Много ценного света проливается на этот аспект предмета изучением человеческого поведения под влиянием реальной болезни. В последние годы в этом направлении была проделана большая полезная работа, и наши знания о нормальной психологии значительно обогатились изучением аномальных психических состояний. Это главным образом потому, что при болезни мы способны наблюдать действие тенденций, которые не затушеваны ограничениями и запретами, созданными воспитанием и социальными условностями. И одна из самых поразительных, а для многих и пугающих вещей, которые наблюдаются, — это тесная связь, существующая между эротической манией и религиозным бредом. Человек, который в одно время чувствует себя под прямым религиозным вдохновением или воображает себя воплощением божественной личности, в другое время будет проявлять самую шокирующую непристойность в действиях и языке. Сэр Т. С. Клаустон приводит очень яркий случай такого характера, который он цитирует, чтобы показать «обычную смесь религиозной и сексуальной эмоции». Я не воспроизвожу его здесь из-за его грубо непристойного характера; но, за исключением грубости языка, он существенно не отличается от уже приведенных иллюстраций. Почти любой учебник предоставит случаи, иллюстрирующие связь между сексуализмом и религией, связь, которая в целом признана, как ясно показывают уже процитированные мнения.

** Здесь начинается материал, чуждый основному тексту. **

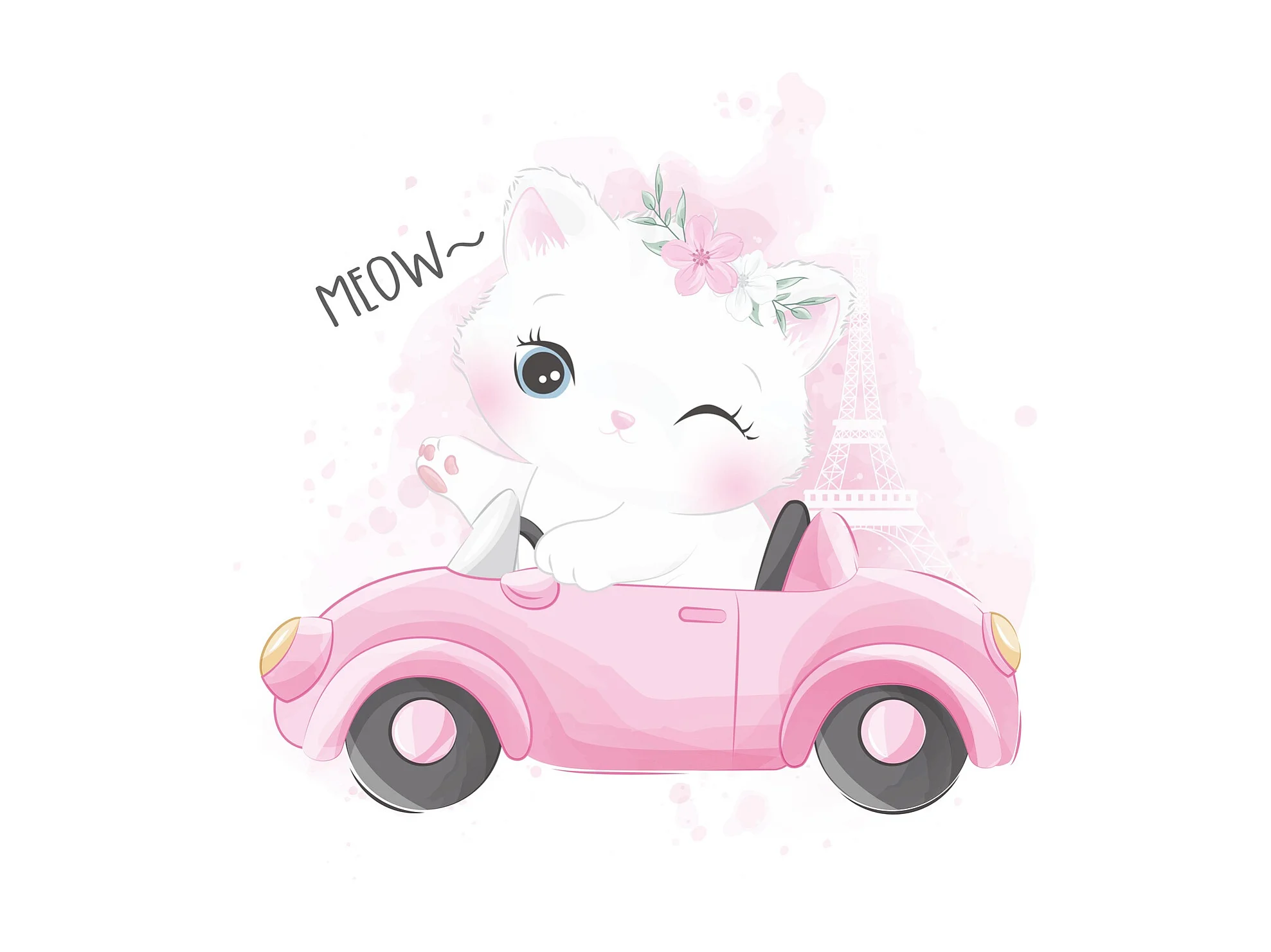 Cama Infantil Blanca 140x70 cm Dibujo Gato con Barandilla – Incluye Colchón de Espuma, Estructura Completa 144x78x65 cm, Diseño Seguro y Funcional

Доктор Мерсье, рассматривая связь между сексуализмом и религией, которую, по его словам, «давно признали, но никогда не объясняли», возводит ее к чувству или желанию самопожертвования, общему для обоих. Безусловно, жертва в какой-либо форме — пищи, оружия, земли, денег или телесных неудобств — является чертой, присутствующей в каждой религии в той или иной степени. И совершенно точно, что не только факт, но и желание некоторого количества жертвы образует «неотъемлемый, фундаментальный и преобладающий элемент» в сексуальной эмоции. Доктор Мерсье далее полагает, что благожелательность, основанная на религиозной эмоции, имеет свое происхождение в сексуальной эмоции, что, опять же, чрезвычайно вероятно. Эта общность происхождения позволила бы трансформацию одного в другое и дает ключ к языку любовной преданности и самоотречения, который столь заметен в религиозной литературе по благочестию. Важность, придаваемая одежде, также весьма показательна; ибо здесь, опять же, элемент жертвы выражается в культивировании нарочитой отталкиваемости нормальной привлекательности костюма. «Таким образом, — говорит доктор Мерсье, — мы обнаруживаем, что самопожертвенные причуды отвергнутого любовника и религиозного подвижника имеют общее происхождение и природу. Крюк и колючая власяница факира, столп святого Симеона Столпника, бич монаха, мрачные одежды монахини, молчание траппистов, вызывающе отвратительный костюм "аллилуйной девицы" и умерщвленная трезвость районной посетительницы — все это в основе имеет то же происхождение, что и лохмотья Карденио, клетка Дон Кихота Ламанчского, желтые чулки и перекрещенные подвязки Мальволио».